Weekly Covid deaths in England and Wales rise 17% to 668

Weekly Covid deaths in England and Wales rise 17% to 668 with virus now behind one in 15 fatalities, official data reveals

  • Some 10,628 deaths were registered in England and Wales in the week ending August 27, the ONS revealed 
  • Of those recorded, 6.5 per cent (668) had the coronavirus mentioned on their death certificate 
  • This is a 17 per cent hike compared to one week earlier, when 570 of 10,013 deaths were linked with Covid 
  • It comes as a further 45 daily Covid deaths were added to the toll yesterday, according to official figures 

Weekly deaths in England and Wales linked with the coronavirus rose by 17 per cent at the end of August, according to official figures.

The Office for National Statistics said there were 668 deaths linked with the virus on the week ending August 27, up from 570 in the previous seven days.

There were a total of 10,268 deaths from all causes in the most recent week, with Covid linked with one in every 15 of them (6.5 per cent).

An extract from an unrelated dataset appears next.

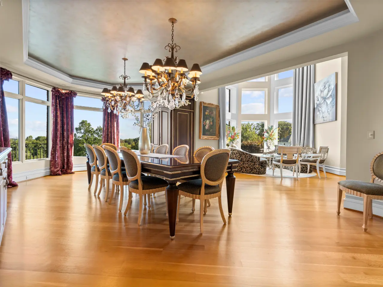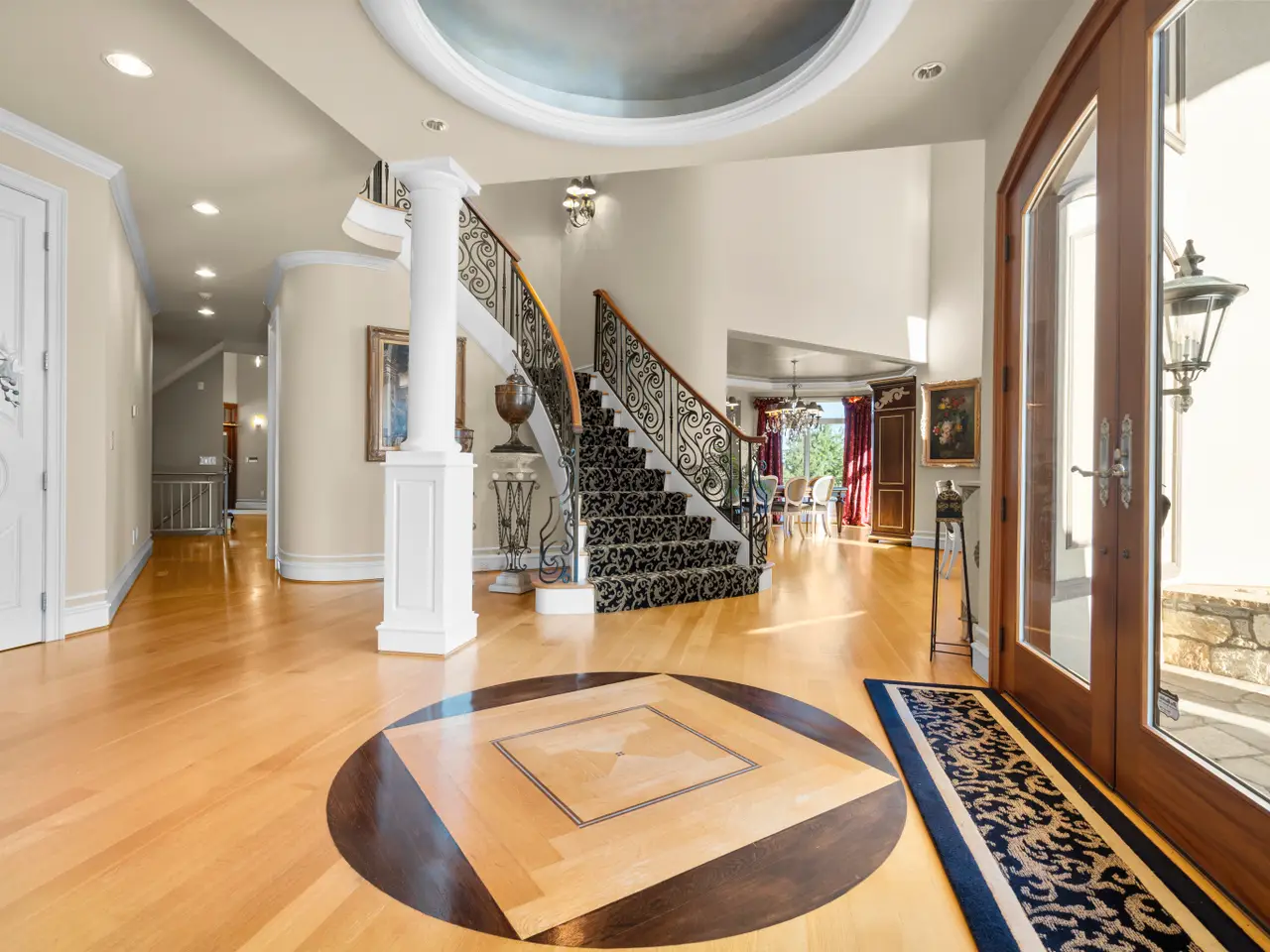 A true masterpiece of architecture and design, this one-of-a-kind estate commands attention from every angle. Perched in an exclusive enclave, the residence boasts breathtaking, unobstructed views of the Hartford skyline, offering a rare combination of elegance, privacy, and city vistas. The stately brick exterior, accented by soaring turrets and expansive walls of glass, exudes timeless grandeur. By day, the home is filled with natural light that pours through oversized windows, while by night, dramatic architectural lighting transforms the estate into a glowing landmark. Inside, craftsmanship meets modern luxury at every turn. The grand foyer makes a striking first impression with intricate inlaid flooring, sweeping staircase, and custom ironwork. Multiple living areas showcase floor-to-ceiling windows framing skyline views, while the gourmet kitchen is a chef's dream, outfitted with rich custom cabinetry, premium appliances, and granite counters. Designed for both intimate living and large-scale entertaining, the home features a lower-level entertainment suite complete with stone archways, a full bar, and game room. Luxurious bathrooms, elegant finishes, and curated design details elevate every space. Outdoor terraces and balconies extend the living experience, perfect for morning coffee with city views or evening gatherings under the stars. This estate is not simply a home-it's a statement. One of one.

The 668 deaths registrations in the two countries is the highest figure since March 26, when 719 deaths were recorded. Deaths dropped as low as 84 in the week to June 11.

The latest figures show the impact of the third wave, which began in the UK in May and has led to an increase in the number of new cases of coronavirus as well a smaller but steady rise in hospital patients. 

Meanwhile, a further 45 daily Covid deaths were added to the toll yesterday. It marked a six per cent fall compared to last Monday, but the figures were impacted by the bank holiday and weekend.

It comes as ministers today refused to rule out a two-week ‘firebreak lockdown’ in England during the October school holidays if hospitalisations continue to rise.

But a full lockdown is unlikely, as officials are confident that the vaccine rollout is working – with deaths registered in the most recent week just 7.9 per cent of the January spike, when 8,433 were logged in one week.

Vaccinations in England are estimated to have directly averted 105,900 deaths, according to latest research by Cambridge University and Public Health England. 

 

In England, 9,630 deaths were registered in the most recent week, which is 1,070 more and 12.5 per cent higher than the five year average. It is also an increase of 229 deaths compared to last week.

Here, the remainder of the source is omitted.